§ **Information given**
────────────────────────────────────────

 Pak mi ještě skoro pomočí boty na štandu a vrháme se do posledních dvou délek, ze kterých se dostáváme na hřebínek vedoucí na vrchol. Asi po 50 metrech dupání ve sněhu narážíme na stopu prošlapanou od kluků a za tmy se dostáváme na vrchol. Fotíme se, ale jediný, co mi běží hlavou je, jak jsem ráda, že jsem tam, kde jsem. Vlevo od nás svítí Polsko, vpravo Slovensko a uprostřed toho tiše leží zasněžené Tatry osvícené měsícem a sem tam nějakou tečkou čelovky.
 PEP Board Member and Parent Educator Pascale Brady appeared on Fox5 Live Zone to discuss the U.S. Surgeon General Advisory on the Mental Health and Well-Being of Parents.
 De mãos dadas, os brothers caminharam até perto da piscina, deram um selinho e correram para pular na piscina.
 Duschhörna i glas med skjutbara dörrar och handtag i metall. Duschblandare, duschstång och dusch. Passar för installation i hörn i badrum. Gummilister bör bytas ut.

────────────────────────────────────────

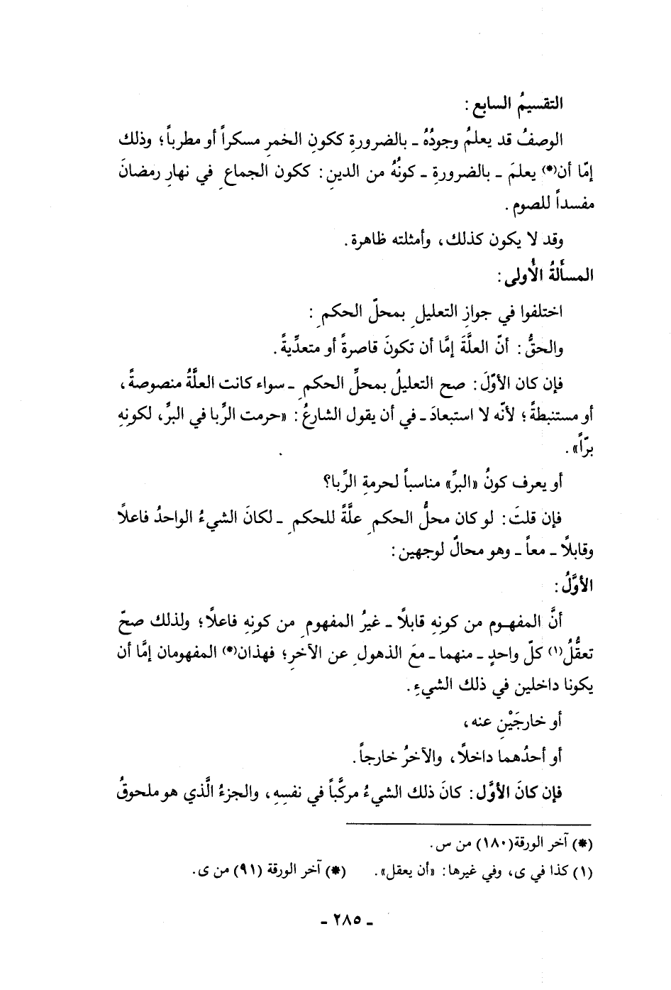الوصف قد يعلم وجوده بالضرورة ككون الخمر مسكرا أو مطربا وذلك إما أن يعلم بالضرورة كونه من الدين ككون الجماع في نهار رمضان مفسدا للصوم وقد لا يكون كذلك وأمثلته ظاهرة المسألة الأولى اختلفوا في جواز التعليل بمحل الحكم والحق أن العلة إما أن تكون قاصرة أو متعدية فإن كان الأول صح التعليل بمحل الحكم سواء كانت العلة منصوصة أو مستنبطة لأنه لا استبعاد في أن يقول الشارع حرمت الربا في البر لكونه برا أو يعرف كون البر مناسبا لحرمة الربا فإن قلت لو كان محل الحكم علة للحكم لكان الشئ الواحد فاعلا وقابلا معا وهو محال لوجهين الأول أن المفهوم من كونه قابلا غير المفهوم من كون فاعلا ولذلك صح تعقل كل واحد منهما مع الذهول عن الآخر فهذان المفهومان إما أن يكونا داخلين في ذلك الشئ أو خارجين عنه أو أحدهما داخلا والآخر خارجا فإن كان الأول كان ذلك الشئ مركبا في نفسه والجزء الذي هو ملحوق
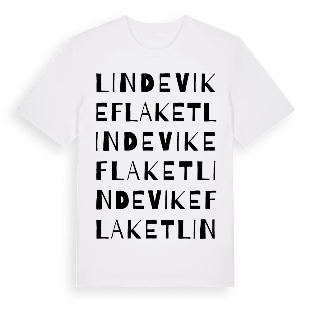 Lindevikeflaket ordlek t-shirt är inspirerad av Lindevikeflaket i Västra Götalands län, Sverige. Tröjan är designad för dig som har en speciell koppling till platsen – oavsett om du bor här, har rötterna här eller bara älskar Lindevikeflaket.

────────────────────────────────────────

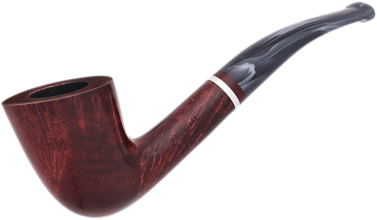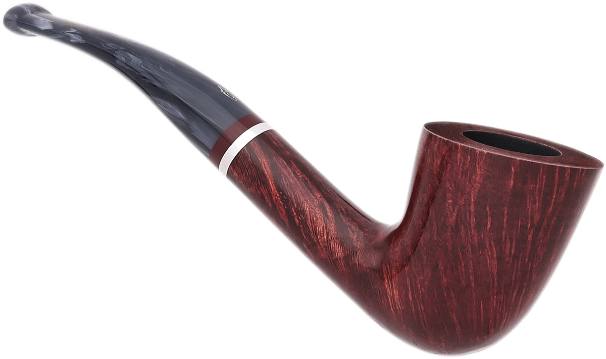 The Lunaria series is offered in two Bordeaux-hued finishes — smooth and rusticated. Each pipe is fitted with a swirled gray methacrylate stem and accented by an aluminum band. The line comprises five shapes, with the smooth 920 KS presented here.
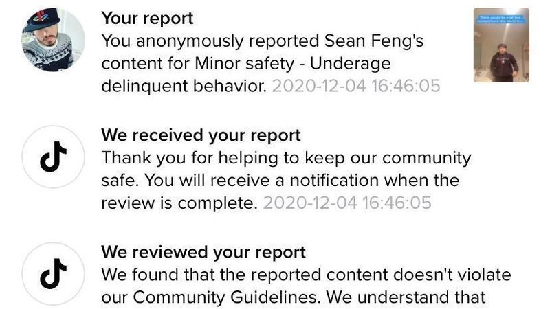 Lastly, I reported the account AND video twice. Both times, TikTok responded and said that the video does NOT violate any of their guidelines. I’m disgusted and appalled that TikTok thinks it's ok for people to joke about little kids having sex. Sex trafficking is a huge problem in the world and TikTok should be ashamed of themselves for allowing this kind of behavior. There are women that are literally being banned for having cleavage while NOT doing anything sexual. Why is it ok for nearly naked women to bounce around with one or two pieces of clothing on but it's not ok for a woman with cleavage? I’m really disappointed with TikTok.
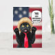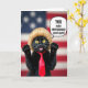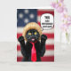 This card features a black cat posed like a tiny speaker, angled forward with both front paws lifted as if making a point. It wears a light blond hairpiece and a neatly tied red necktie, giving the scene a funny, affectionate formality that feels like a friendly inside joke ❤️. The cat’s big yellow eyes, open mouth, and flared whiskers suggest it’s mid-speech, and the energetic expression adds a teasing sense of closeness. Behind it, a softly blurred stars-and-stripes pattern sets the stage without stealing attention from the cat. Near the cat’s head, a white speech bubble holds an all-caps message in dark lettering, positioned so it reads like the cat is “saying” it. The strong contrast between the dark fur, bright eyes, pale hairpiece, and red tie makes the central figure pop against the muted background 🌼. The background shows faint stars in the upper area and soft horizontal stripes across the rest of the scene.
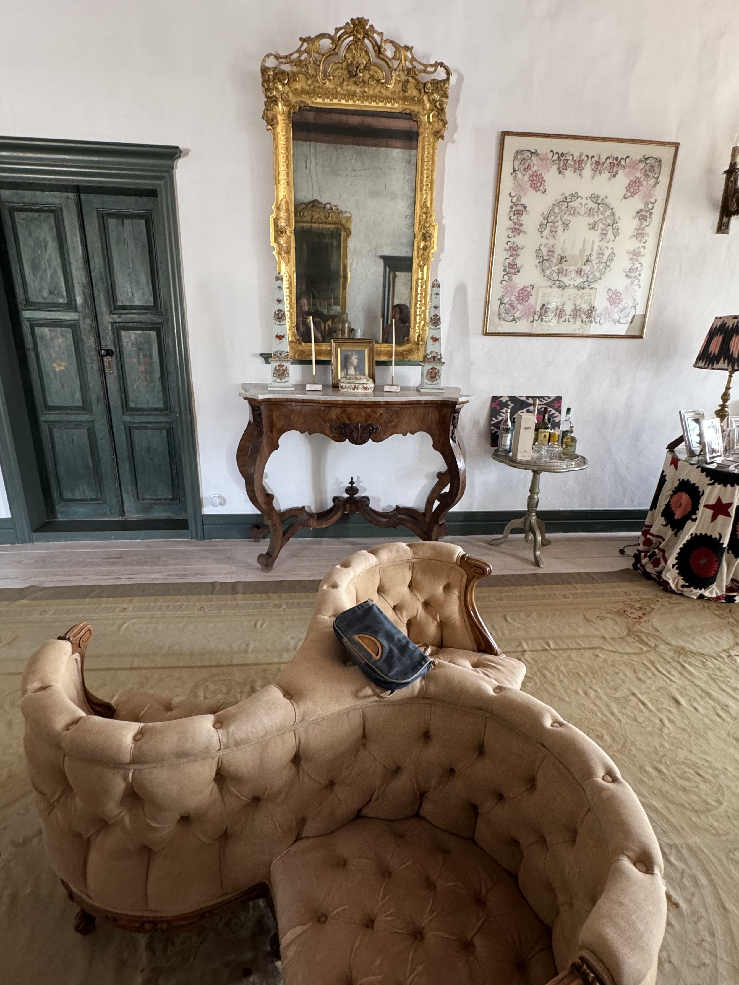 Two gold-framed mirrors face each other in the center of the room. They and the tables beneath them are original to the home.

────────────────────────────────────────

§ **Activity**
Extract exactly and only the lines above from the line containing "PEP Board Member" through the line containing "Duschhörna i glas", both end lines included.

§ **Task result**
 PEP Board Member and Parent Educator Pascale Brady appeared on Fox5 Live Zone to discuss the U.S. Surgeon General Advisory on the Mental Health and Well-Being of Parents.
 De mãos dadas, os brothers caminharam até perto da piscina, deram um selinho e correram para pular na piscina.
 Duschhörna i glas med skjutbara dörrar och handtag i metall. Duschblandare, duschstång och dusch. Passar för installation i hörn i badrum. Gummilister bör bytas ut.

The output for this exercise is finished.